His work was to consolidate those old students of Judge and of the TS who desired to get back to the study of original THEOSOPHY, and meld them with the new students who desired to learn, and had no background in Theosophy. A series of intensive study classes was started. Exercise and criticism for those who wanted to learn to do platform-work was instituted. He prepared and used for the GUIDANCE OF ULT PLATFORM WORKERS a number of points they had to apply if they wish to work in that way for ULT.
In New York, the U.L.T. used a large auditorium on the ground floor of the HOTEL DES ARTISTES, at 1 West 67th ST., just off the Central Park, and near to Columbia University campus. Meetings were held on Sunday: Theosophy School before noon, and a public lecture in the evening. Wednesday evening Study Class, Question and Answer Meeting; Friday: OCEAN OF THEOSOPHY Study Class and then a Practice Class for new students and those who desired to do platform work. Other meetings were held during the week.
Mr. Wadia conducted one of the Theosophy School Classes. Transcripts of five years of work in such NY T. School classes exist.
Students would meet in the evening, informally, several times a week at individual homes, to discuss Theosophy and various aspects of the work. This developed a large-hearted camaraderie and was an active manifestation of brotherhood in action, gathering all ULT associates together. Mr. Wadia, working at the New York Lodge had an office in the building and a large volume of correspondence was handled. Students from England came over to familiarize themselves with the program ULT had evolved of methods of work in New York, so that they could then take them back for use in the London Lodge that had been planned.

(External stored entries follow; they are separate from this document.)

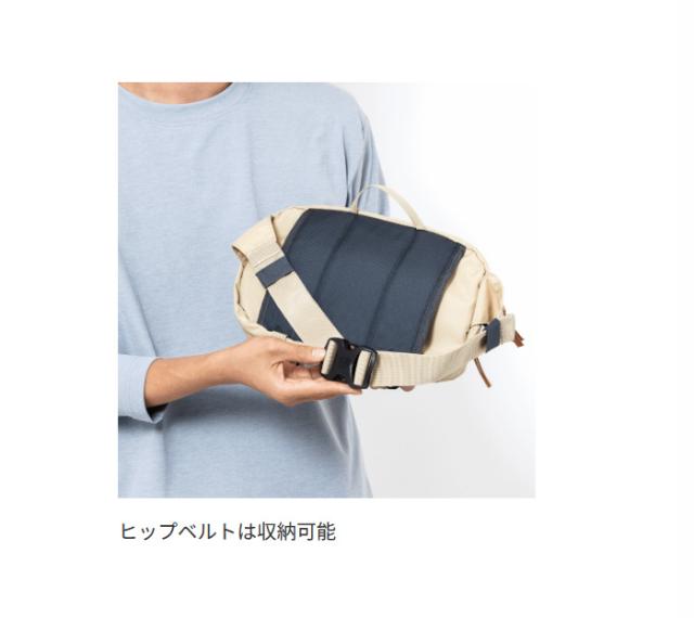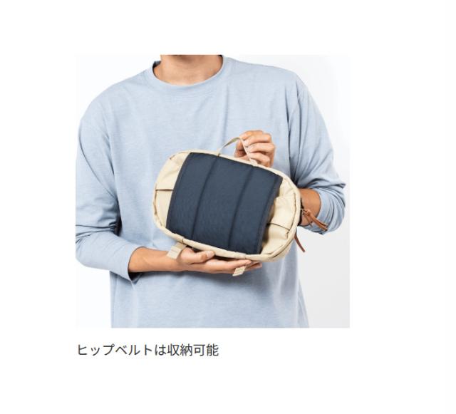 ウエストベルトを収納して小型ショルダーバッグとしても使える、2wayヒップバック。
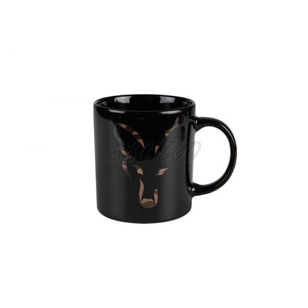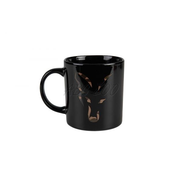 Fekete bögre álcázott Fox logóval, ideális nemcsak forró italokhoz a vízparton.
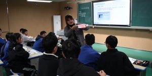 校团支部书记在给同学们讲解
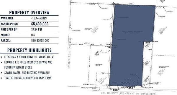 Est $39,377/moLess than a 5-mile drive to I-49. Located 1.75 miles from the 612 bypass and the future Walmart. Sewer, water, and electricity are available. Traffic count: 33,000 vehicles per day.
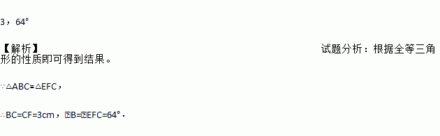 如图,若△ABC≌△EFC,且CF=3cm,∠EFC=64°,则BC=___ __cm,∠B=_ __.
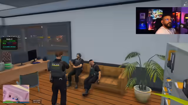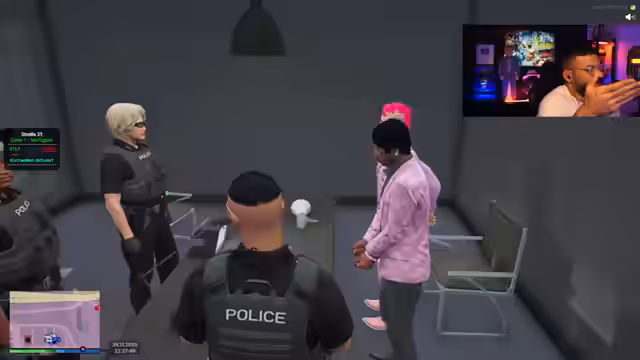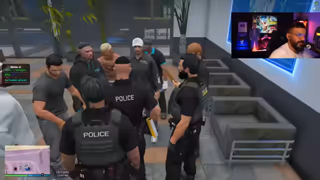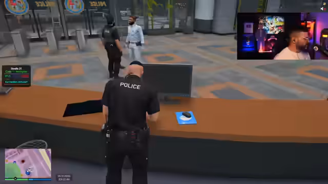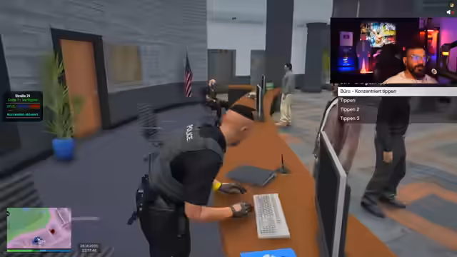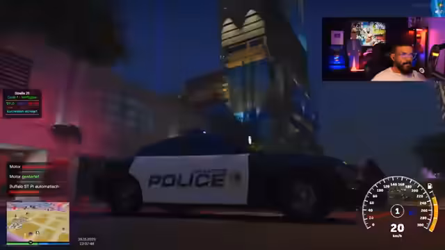 00:31:20Der Streamer und sein Cousin begeben sich auf Streife, wobei sie zunächst ein unverschlossenes Polizeifahrzeug nutzen, um zum Abschlepphof zu fahren und ihr eigenes Dienstfahrzeug abzuholen. Der Streamer äußert den Wunsch, seinen Cousin im Rang aufsteigen zu lassen und verspricht, alle positiven Ereignisse des Tages auf dessen Namen zu verbuchen. Während der Fahrt zum Abschlepphof kommt es zu einem kleinen Unfall, bei dem sie versehentlich ein anderes Polizeifahrzeug rammen. Im PD angekommen, herrscht Chaos: Es gibt eine Dienstbesprechung, und Abbas hat Probleme in der Lobby. Ein Dispatch meldet eine Bedrohung durch die La Casa Viera, eine Gruppe von 20 Personen, die Zivilisten bedrohen. Der Streamer und sein Cousin werden zu einem Einsatz gerufen, bei dem es zu Schüssen kommt. Die Situation eskaliert schnell, und der Streamer stellt fest, dass heute im PD die Hölle los ist, entgegen seinem Wunsch nach einem entspannten Rollenspiel-Abend.
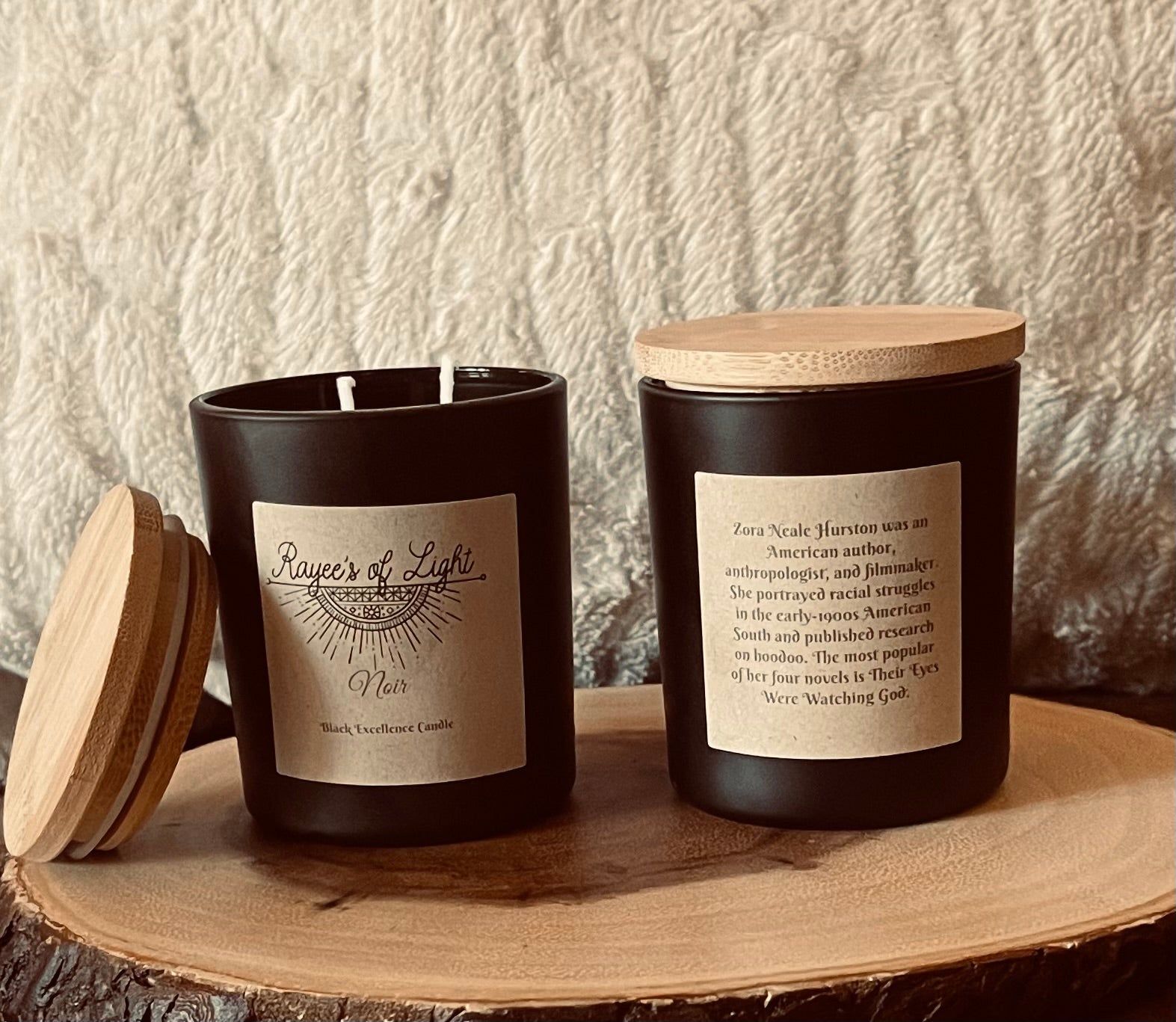 Our NOIR Black Excellence candles soulfully scented with notes of Sandalwood & Vetiver. Each of comes dedicated to a Black Pioneer.
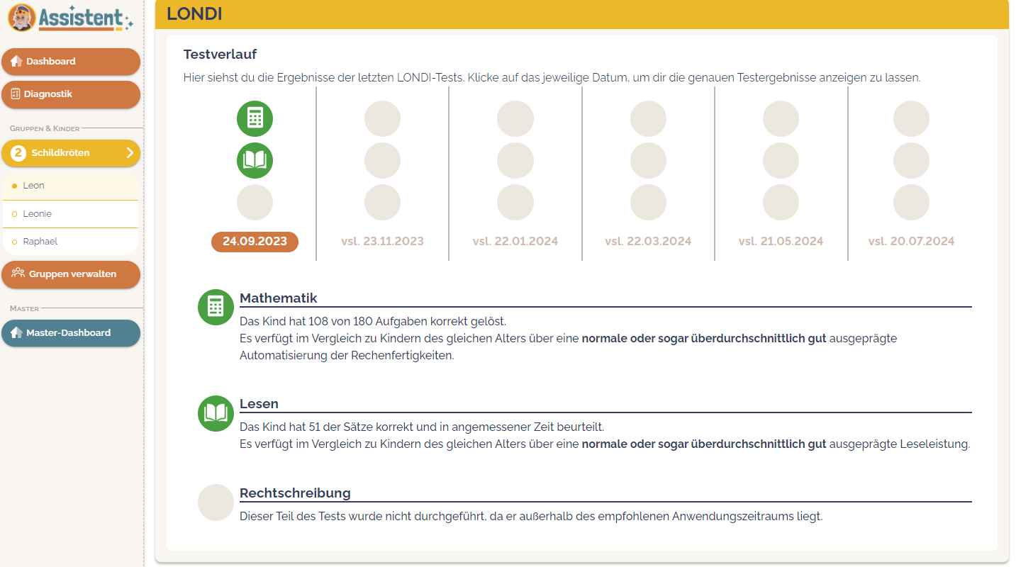 Nun siehst du die Profilseite von Leon und zwar den Bereich für das LONDI-Screening. Du siehst den Eintrag für den 24.09.2023 und darunter die Ergebnisse. Für jede neue Durchführung wird ein neuer Eintrag generiert, sodass du den Verlauf über mehrere LONDI-Screenings hinweg verfolgen kannst.
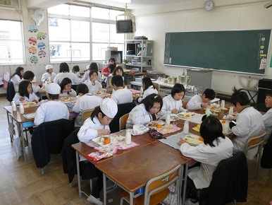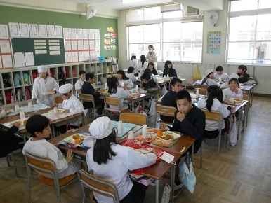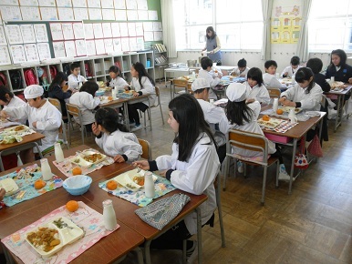 本日、兄弟学年・学級(例えば1年生と4年生、2年生と5年生、3年生と6年生)でふれあい交流給食を行いました。クラスのおおよそ半分が残り半分が移動し、それぞれの教室で給食を食べます。どうですか、みんなとても楽しそうに大好きなポークカレーライス、ごぼうサラダ、みかん、牛乳を食べていますよ。写真は5年生が移動し、2年生の教室で一緒に食べているところです。
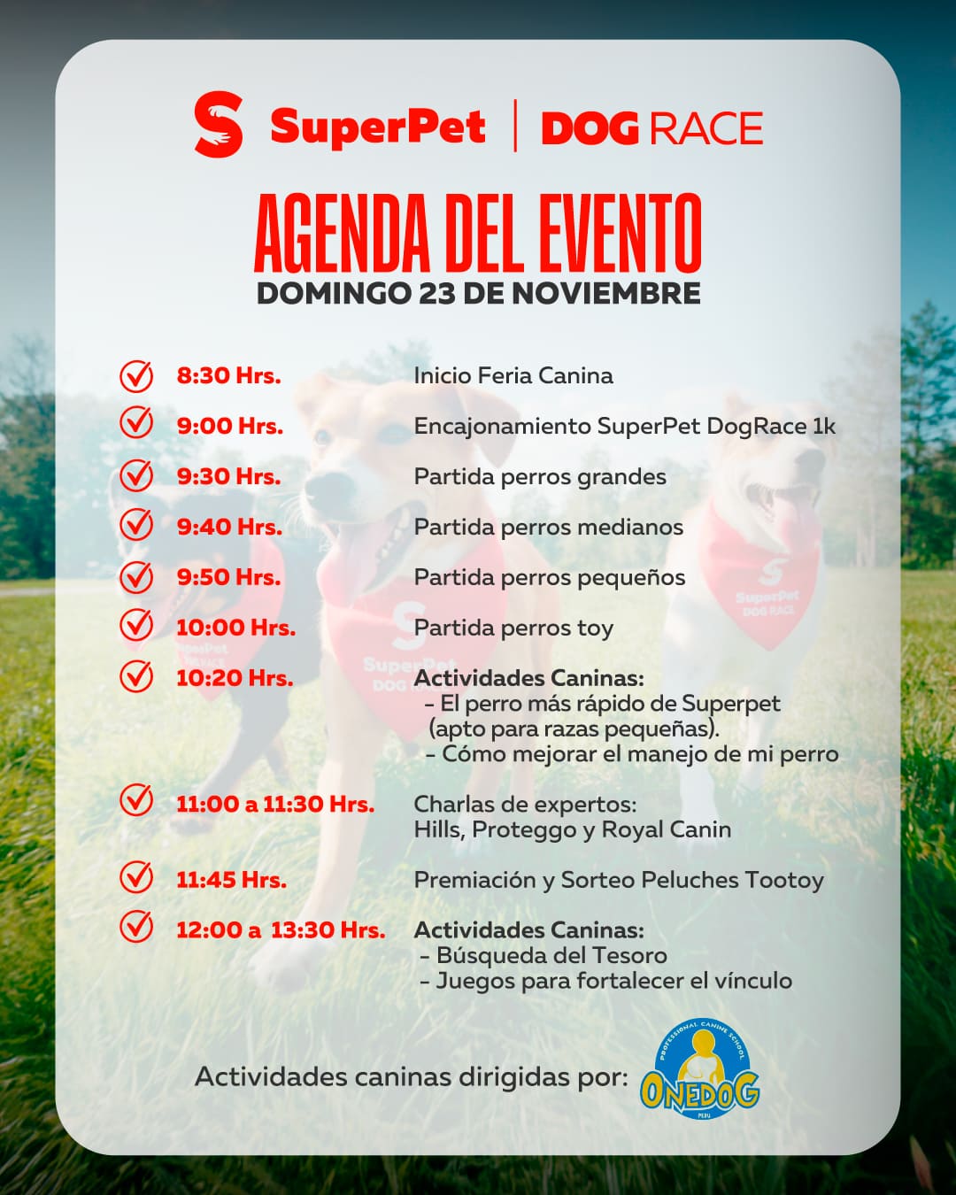 Este 23 de noviembre, ven a disfrutar de una carrera lúdica donde tú y tu perro serán el mejor equipo. Además, ¡disfrutarán de una gran feria canina con muchas sorpresas y actividades!

Associates from various European countries visited New York for the same reasons so methods were learned that could be used in their own ULT Lodges being soon were opened in France, Holland and Belgium. It was a whirlwind time when everything seemed to be happening at once, and the great influence spread over all those who served as the "seeds" of future ULT Lodges and ULT work for the next 50 years. One associate contributed $25,000.00 for the photographic plates needed to reprint THE SECRET DOCTRINE. This was one of the most important things done, as it permitted HPB's major work to be studied in its unedited original.
The ULT in London was opened November 17th 1925. Its Bulletin was started in 1930.
Mr. Wadia always said that it was dangerous to approach the study of THE SECRET DOCTRINE through the use of an "abridgment". Any such "filter", however impersonal and good, inevitably held up "barriers" between HPB and the student. He held that ISIS UNVEILED ought to be first studied and read. Its contents formed a valuable introduction to Theosophy and to The Secret Doctrine. The Secret Doctrine then, ought to be approached slowly and following a steadily held determination to read and take the time to comprehend gradually what was read, it ought to be read a few pages a day, notes should be taken of the subjects covered, and gradually one should build up one's own reference book on the subjects covered in various places.
The enthusiasm and the intensity of study and of learning and practicing Theosophy, inspired by Mr. Wadia in the period between 1922 and 1928, probably equaled those of the time of Judge during the years 1886-1896 in New York and the rest of the USA. Margaret Thomas, for instance was inspired to prepare and publish her THEOSOPHY or NEO-THEOSOPHY so students could compare the differences made to Theosophy by writers for the TS, like Mrs. Besant and Mr. Leadbeater, after the death of Mrs. Blavatsky.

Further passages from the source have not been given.